Fotocollage aus dem Kaufhaus Remscheid von gestern. Im Bild auch Rald Barsties und Petra Kipp-Schumacher. Fotos: LotharKaiser

In der Hochphase der Corona-Pandemie war auch das Kaufhaus Remscheid geschlossen. Für Ralf Barsties, den Geschäftsführer der Arbeit Remscheid gGmbH, die das „Sozialkaufhaus für jedermann“ betreibt, sowie dessen Leiterin Petra Kipp-Schumacher und ihr Team war das eine echte Herausforderung. Ralf Barsties am 19. Februar 2021 im Waterbölles: „Der wesentliche Teil der Umsätze fällt in dieser Zeit weg. (…) Staatliche Unterstützungsformen, die für normale Einzelhandelsgeschäfte gelten, greifen bei uns leider nicht.“ Gleichwohl waren auch in dieser Zeit die meisten Mitarbeiterinnen und Mitarbeiter sowie zahlreiche Teilnehmerinnen und Teilnehmer in Arbeitsgelegenheiten im Kaufhaus, verarbeiteten die eingehenden Gebrauchtwarenspenden, arbeiteten Lagerbestände auf und optimierten das Warenangebot für den Tag X, an dem das Kaufhaus Remscheid wieder geöffnet sein würde. „Das Engagement und die Motivation sind ungebrochen und darüber sind wir sehr froh und dankbar!“, so Barsties damals.  

Inzwischen ist das Kaufhaus am Remscheider Markt wieder geöffnet (von montags bis freitags, 10 bis 18Uhr), und das Personal freut sich über jede Kundin, jeden Kunden, der kommt, um im breiten Angebot zu stöbern. Wer von diesen als anerkannt Bedürftige/r eine Kundenkarte vorweisen kann, hat einen Preisnachlass von 30 Prozent sicher. 6000 Kundenkarten wurden bislang ausgegeben. Mit diesen macht das Kaufhaus Remscheid  auf seinen ca. 800 Quadratmetern Verkaufsfläche 50 bis 60 Prozent seines Umsatzes, berichtete Ralf Barsties gestern in einer Pressekonferenz. Willkommen sind ihm natürlich auch jene Käufer/innen, die bei einem Einkauf nicht mit jedem Euro rechnen müssen. Denn die Einnahmen aus dem Verkauf gewinnen umso mehr an Bedeutung, je geringer die finanzielle Förderung durch das Jobcenters Remscheid ausfallen sollte.

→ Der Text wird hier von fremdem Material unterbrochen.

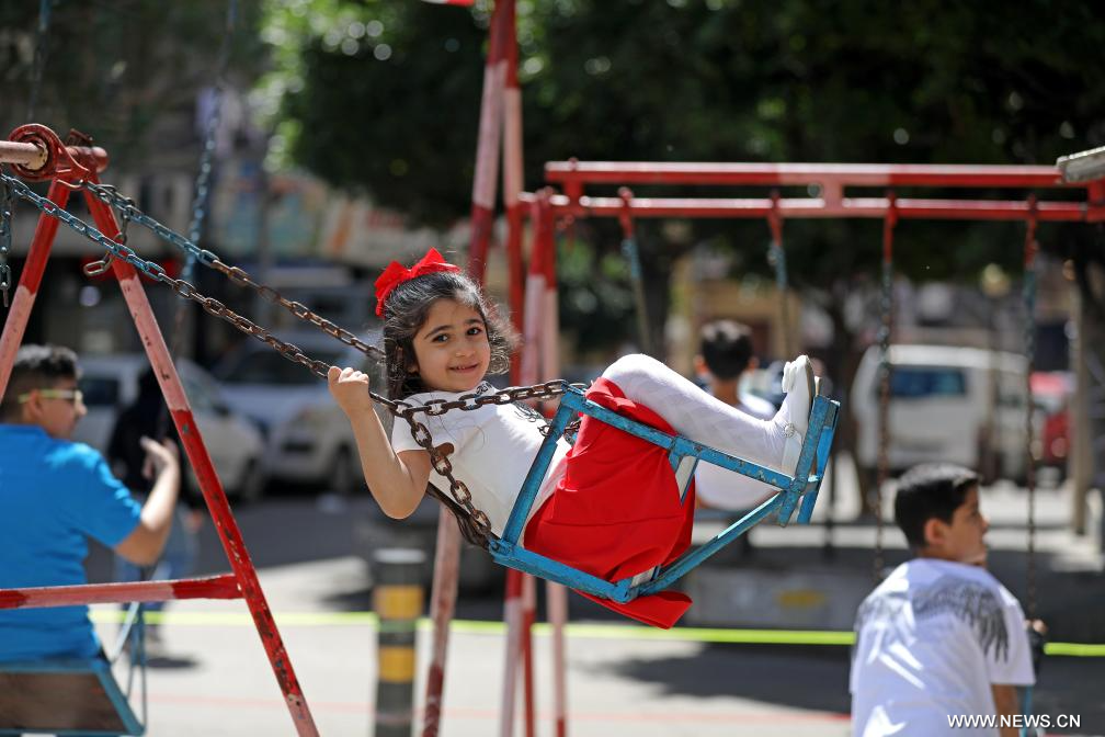 بيروت 31 مارس 2025 (شينخوا) في الصورة الملتقطة يوم 30 مارس 2025، طفلة تلعب على الأرجوحة وتستمتع بالأجواء الاحتفالية في أول أيام عيد الفطر في العاصمة اللبنانية بيروت.

Die Kosten für Ein-Euro-Jobber – davon hat das Kaufhaus zurzeit noch zwei – übernimmt das Jobcenter in voller Höhe. Ralf Barsties: „Diese Zuschüsse zu den so genannten Arbeitsgelegenheiten sind stabil, und wir sind dringend darauf angewiesen, dass es so bleibt!“ Die Personalkosten zu den sozialversicherungspflichtig Beschäftigten des Kaufhauses trägt das Jobcenter lediglich in den ersten beiden Jahren zu 100 Prozent, in den folgenden drei Jahren dann absinkend um jeweils zehn Prozent bis auf 70 Prozent. Und da kommt es dann darauf an, dass dem Jobcenter die Fördergelder nicht ausgehen, damit das Kaufhaus gut angelernte Ein-Euro-Jobber auf befristete Stellen übernehmen kann, damit der Zwei-Schicht-Betrieb im Verkauf nicht ins Stocken gerät.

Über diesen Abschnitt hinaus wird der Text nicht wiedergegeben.